**What you are asked to do:** Copy each line below exactly and leave the pictures out.

**Supplied data:**
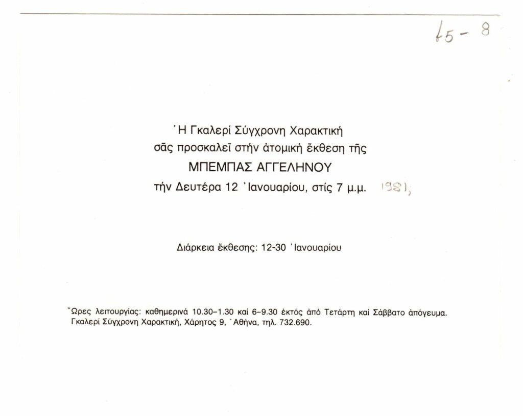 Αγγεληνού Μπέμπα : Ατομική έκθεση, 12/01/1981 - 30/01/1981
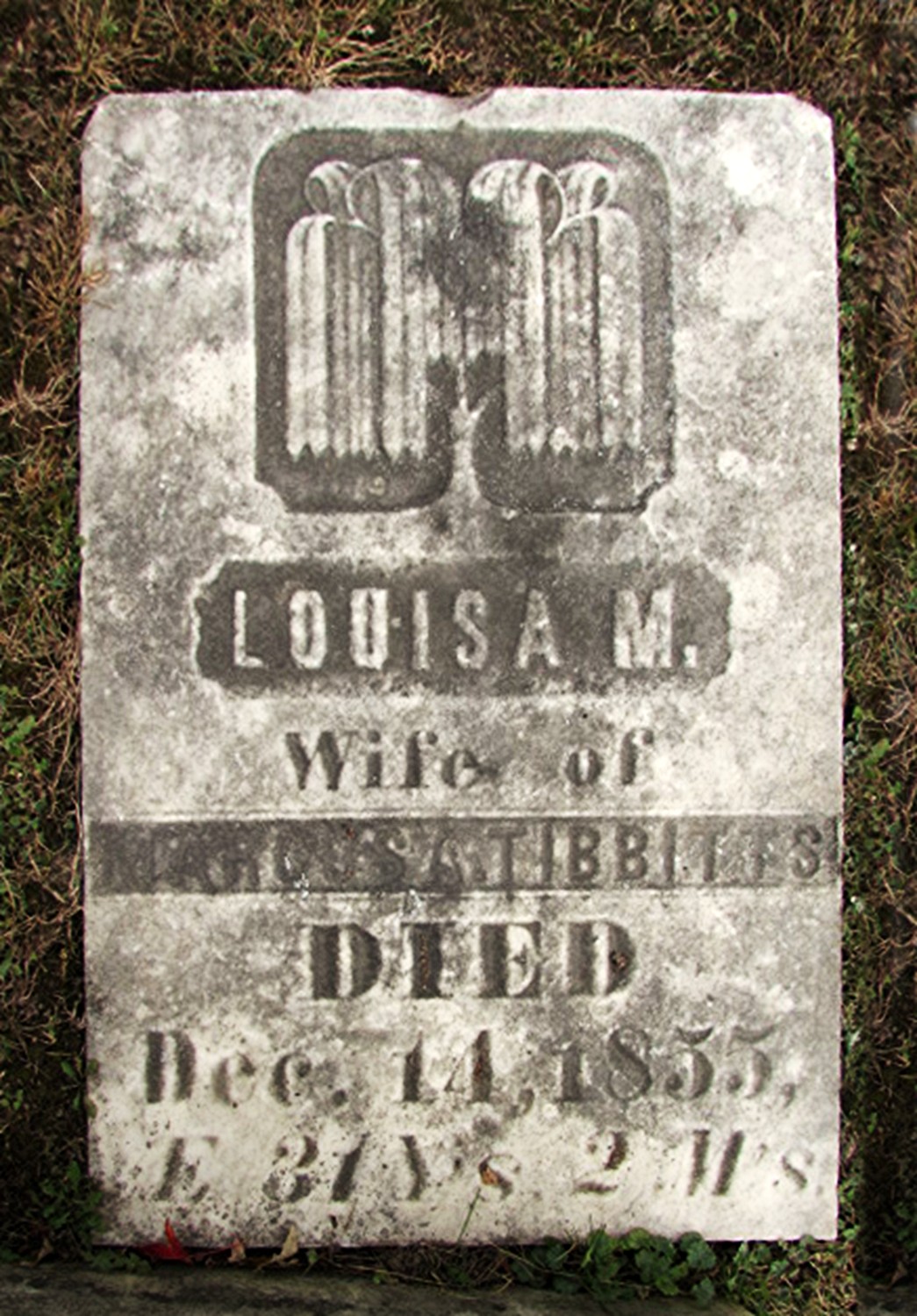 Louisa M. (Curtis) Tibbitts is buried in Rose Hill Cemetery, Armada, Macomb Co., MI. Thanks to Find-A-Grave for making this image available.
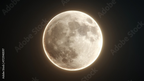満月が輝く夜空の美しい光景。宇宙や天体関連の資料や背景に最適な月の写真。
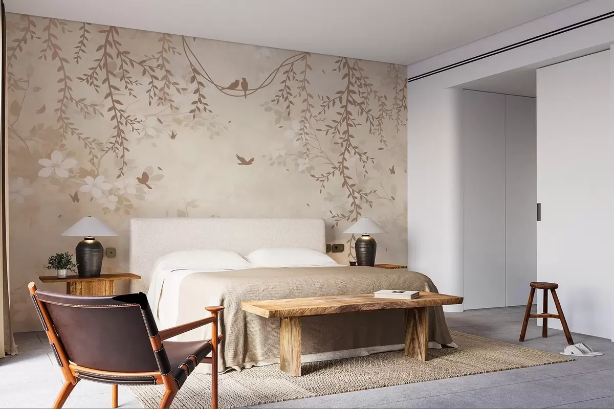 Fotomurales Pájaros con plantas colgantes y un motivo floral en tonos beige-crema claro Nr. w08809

**Solved problem:**
 Αγγεληνού Μπέμπα : Ατομική έκθεση, 12/01/1981 - 30/01/1981
 Louisa M. (Curtis) Tibbitts is buried in Rose Hill Cemetery, Armada, Macomb Co., MI. Thanks to Find-A-Grave for making this image available.
満月が輝く夜空の美しい光景。宇宙や天体関連の資料や背景に最適な月の写真。
 Fotomurales Pájaros con plantas colgantes y un motivo floral en tonos beige-crema claro Nr. w08809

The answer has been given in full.